GELI With XTS-AES or AES-CBC?

If you are using GELI to encrypt disks on FreeNAS or NAS4Free, there are multiple algorithms you can use. However, in practice, for me this always becomes a choice between AES-XTS and AES-CBC. Since every modern processor had AES primitives supported in hardware, these two offer performance other algorithms cannot reach.

The current industry standard for disk encryption is XTS-AES and that is mode I usually default to. It has been made specifically to facilitate full-disk encryption and has no known attacks (other than malleability attack common to practically all such algorithms).

Using AES-CBC is not as crazy as it seems. While there is a known “watermark” attack, GELI is not vulnerable at it uses CBC-ESSIV. And, while it is still vulnerable against malleability attack, it’s more resilient than XTS to some (albeit rather unrealistic) attacks while sharing CBC’s “friendliness” to altering bits on per-block level.

In the absence of any new attack, you are probably fractionally more secure with XTS but realistically both XTS-AES and AES-CBC with ESSIV can be considered equivalent and well-suited for full-disk encryption. That said, as security is not concern, are there performance differences between those two?

And there are. At least on NAS4Free albeit I believe the same applies across the BSD family – including FreeNAS.

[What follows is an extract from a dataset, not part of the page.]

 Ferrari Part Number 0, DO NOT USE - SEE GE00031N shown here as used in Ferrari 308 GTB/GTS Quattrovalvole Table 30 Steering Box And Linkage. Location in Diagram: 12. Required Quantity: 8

My ZFS mirror on i3-4010U used XTS-AES-128 for encryption and its median write speed was 197 MB/s. The same mirror had its write speed increased to 389 MB/s once both disks were set to use AES-CBC-128. Interestingly, changing the encryption mode on a single disk to CBC while the other was still using XTS also improved performance – all the way to 384 MB/s. Mind you there are no security benefits running two disks in different encryption modes. I just did it for fun. :)

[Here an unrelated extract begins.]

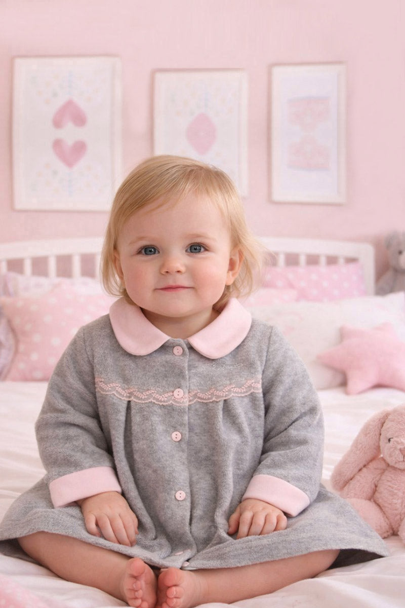 Vestaglia bimba in pile con strass e nastrino in contrasto coordinato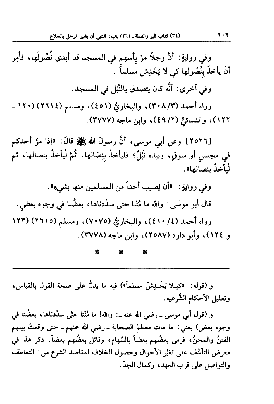 [2526] وعَن أَبِي مُوسَى أَنَّ رَسُولَ اللَّهِ صَلَّى اللَّهُ عَلَيهِ وَسَلَّمَ قَالَ: إِذَا مَرَّ أَحَدُكُم فِي مَجلِسٍ أَو سُوقٍ، وَبِيَدِهِ نَبلٌ، فَليَأخُذ بِنِصَالِهَا، ثُمَّ لِيَأخُذ بِنِصَالِهَا، ثُمَّ لِيَأخُذ بِنِصَالِهَا.

My Atom C2558 server using software encryption with XTS-AES only wrote at 110 MB/s. Once both physical drives used AES-CBC, speed jumped to 162 MB/s. Again, changing only a single drive in mirror to CBC increased write speed to 157 MB/s.

The same server using hardware encryption could write 160 MB/s when both drives encrypted using XTS-AES. Both drives using AES-CBC achieved again 160 MB/s. Once more, the curiosity was half/half situation with write speed at 162 MB/s.

Based on these results it is obvious that AES-CBC performs much better than XTS-AES in some cases or both have the same speed at worst. The fact changing a single drive to CBC already brought 95% of improvement tells me that CPU was really straining with XTS despite hardware AES-NI support. On the slower CPU difference was non-existent albeit this was more related to its general slowness of AES-NI on Atom than to anything algorithm specific.

Intel’s own tests on the same generation (albeit vastly more powerful processors) shows that XTS implementation can actually be faster than CBC – especially when multiple cores can “exploit” XTS’ inherent parallelism.

This just shows that performance is highly dependent on everything in the pipeline – especially software support – and not just hardware. And one should be careful to occasionally retest if old assumptions are still valid. For example, the next version of BSD crypto library could improve performance of XTS to surpass CBC.

I personally will still stick with XTS-AES. Encryption and decryption speeds, while not exhilarating, are more than adequate for sharing files over Samba connections. While AES-CBC will surely enjoy support in the future, XTS is the one standardized for full-disk encryption. Unless a security issue is discovered, support for it will only get better with time.

PS: Malleability attack on AES-XTS and AES-CBC is actually not that problematic for my setup as ZFS includes data checksum. To be completely sure, for sensitive applications, one should think about using SHA-256 instead of default Fletcher-16 checksum.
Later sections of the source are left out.